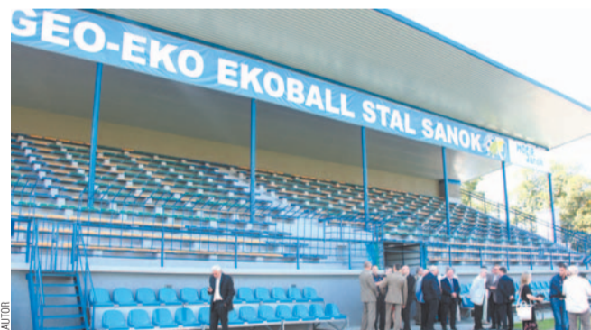
Odnowiona trybuna główna
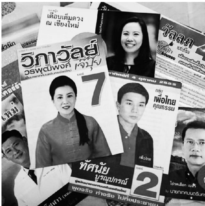
รูป2 แผ่นพับหาเสียงนายกเทศมนตรีนครเชียงใหม่ในปี 2552

สามารถกำหนดตัวผู้บริหาร และขยายพื้นที่ทางการเมืองของประชาชนออกไปอย่างกว้างขวาง
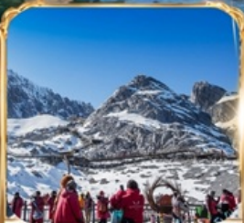
ภูเขาหิมะมังกรหยก +กระเช้าใหญ่
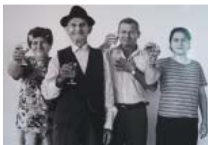
Z výstavy Besa.

mináře k moderním židovským dějinám, jehož garantem je ŽMP a Ústav soudobých dějin AV ČR. Vstup volný.
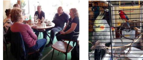
do diskuze se často hlasitě připojoval tento opeřeneč

V úterý 6. června 2023 přivítala Laskavárna v Mor. Třebové setkání přátel a příznivců grafiky. Přítomní jsou členy SSPE Praha. ■
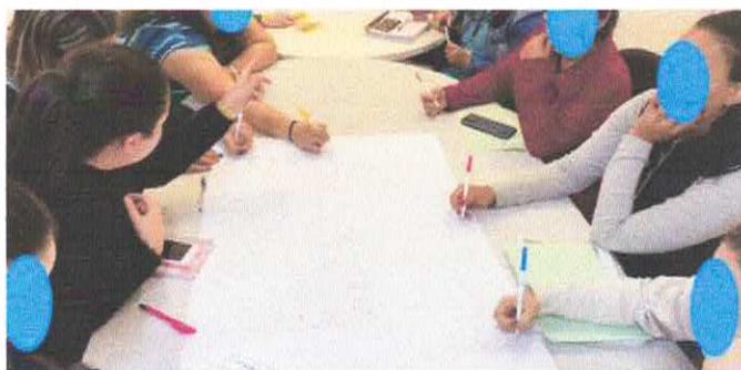
Profissionais durante a formação com foco no trabalho em equipe.
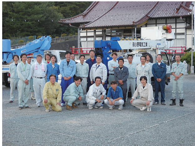
無事、施工が終了し集合 (本増寺境内・大船渡市内)
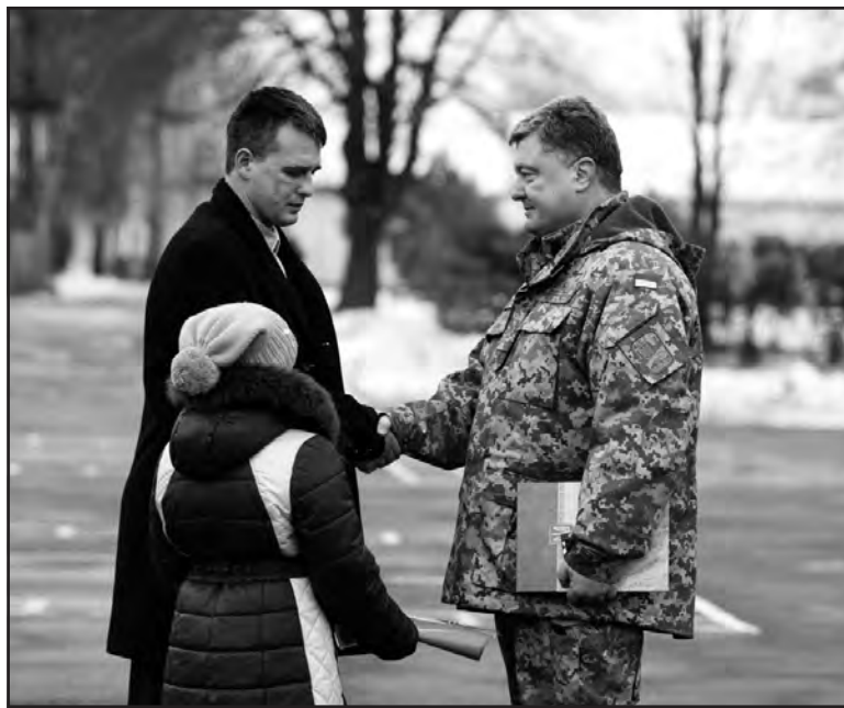
Петро Порошенко вручає ключі від квартири сім'ї Олександра Сеньовського, який отримав важке поранення під Дебальцевим.

Надвечір 11 січня Петро Порошенко зустрівся і з колективом 44-ої окремої артилерійської бригади в Тернополі. Це була перша зустріч
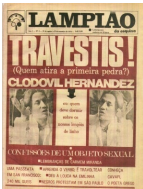
Figura 1 - Capa do Lampião: edição número quatro (agosto-setembro/1978)

O jornal também dedicaria atenção, em suas páginas, para as travestis. A edição nº 4 (agosto-setembro/1978) trouxe, estampada em sua capa, a manchete: “ Travestis! (quem atira a primeira pedra?) ” (Figura 1).
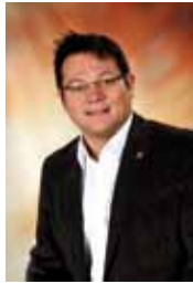
Bürgermeister Herbert Pfeffer

■ In der Sitzung am 25. April 2012 beschloss der Traismauer Gemeinderat die Abhaltung einer Volksbefragung zum Thema „Umfahrung LB43“. Als Tag der Volksbefragung wurde der 24. Juni 2012 fixiert.
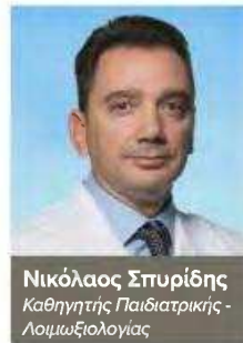
Νικόλαος Σπυρίδης Καθηγητής Παιδιατρικής - Λοιμωξιολογίας

Η αυξανόμενη αμφισβήτηση των εμβολίων αποτελεί πρόκληση για τα συστήματα υγείας παγκοσμίως. Ο Καθηγητής Παιδιατρικής - Λοιμωξιολογίας Νικόλαος Σπυρίδης , μιλώντας σε εκδήλωση του Πανελληνίου Συλλόγου Επισκεπτών Υγείας (ΠΣΕΥ/ΝΠΔΔ) με αφορμή την Παγκόσμια Εβδομάδα Εμβολιασμού 2026, επεσήμανε την αύξηση της αμφισβήτησης των εμβολίων και για τη μείωση των εμβολιασμών που τα τελευταία
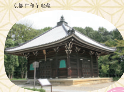
京都 仁和寺 経蔵

文化遺産を学ぶ旅、 その保存と活用を目指して 古より継承される 三都(京都、奈良、大津)文化財の魅力に迫る
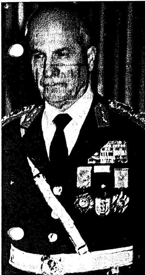
12 september 1980 Chef der putschisten

7DE JAAR • PRIJS: 50 BF • JAARABONNEMENT: 500 BF • PCR: 000-1168701-45 • INFO-TURK - 13/2, Ch. M. WISERPLEIN - 1040 BRUSSEL • TEL: (32-2) 230 34 72 UITGEVER: TURKS COLLECTIEF VOOR UITGAVE EN VERSPREIDING • ISSN 0770-9161
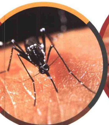
2 ▲蚊子伸出长长的口器吸血。
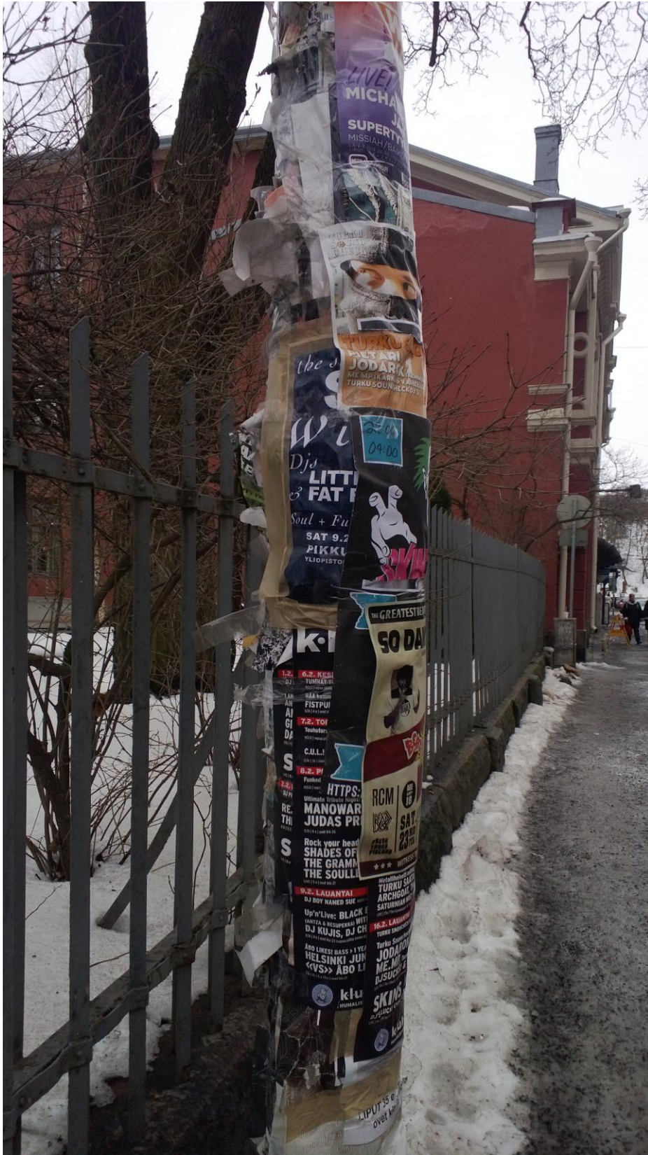
Kuva 5. Julisteiden levityskielto ei haittaa kaikkia toimijoita.

Assignment => When you reach the line with "Z výstavy Besa." in the records above, begin repeating the lines exactly, and stop after the line with "12 september 1980 Chef der putschisten". Skip all pictures.

Exercise answer =>
Z výstavy Besa.

mináře k moderním židovským dějinám, jehož garantem je ŽMP a Ústav soudobých dějin AV ČR. Vstup volný.
do diskuze se často hlasitě připojoval tento opeřeneč

V úterý 6. června 2023 přivítala Laskavárna v Mor. Třebové setkání přátel a příznivců grafiky. Přítomní jsou členy SSPE Praha. ■
Profissionais durante a formação com foco no trabalho em equipe.
無事、施工が終了し集合 (本増寺境内・大船渡市内)
Петро Порошенко вручає ключі від квартири сім'ї Олександра Сеньовського, який отримав важке поранення під Дебальцевим.

Надвечір 11 січня Петро Порошенко зустрівся і з колективом 44-ої окремої артилерійської бригади в Тернополі. Це була перша зустріч
Figura 1 - Capa do Lampião: edição número quatro (agosto-setembro/1978)

O jornal também dedicaria atenção, em suas páginas, para as travestis. A edição nº 4 (agosto-setembro/1978) trouxe, estampada em sua capa, a manchete: “ Travestis! (quem atira a primeira pedra?) ” (Figura 1).
Bürgermeister Herbert Pfeffer

■ In der Sitzung am 25. April 2012 beschloss der Traismauer Gemeinderat die Abhaltung einer Volksbefragung zum Thema „Umfahrung LB43“. Als Tag der Volksbefragung wurde der 24. Juni 2012 fixiert.
Νικόλαος Σπυρίδης Καθηγητής Παιδιατρικής - Λοιμωξιολογίας

Η αυξανόμενη αμφισβήτηση των εμβολίων αποτελεί πρόκληση για τα συστήματα υγείας παγκοσμίως. Ο Καθηγητής Παιδιατρικής - Λοιμωξιολογίας Νικόλαος Σπυρίδης , μιλώντας σε εκδήλωση του Πανελληνίου Συλλόγου Επισκεπτών Υγείας (ΠΣΕΥ/ΝΠΔΔ) με αφορμή την Παγκόσμια Εβδομάδα Εμβολιασμού 2026, επεσήμανε την αύξηση της αμφισβήτησης των εμβολίων και για τη μείωση των εμβολιασμών που τα τελευταία
京都 仁和寺 経蔵

文化遺産を学ぶ旅、 その保存と活用を目指して 古より継承される 三都(京都、奈良、大津)文化財の魅力に迫る
12 september 1980 Chef der putschisten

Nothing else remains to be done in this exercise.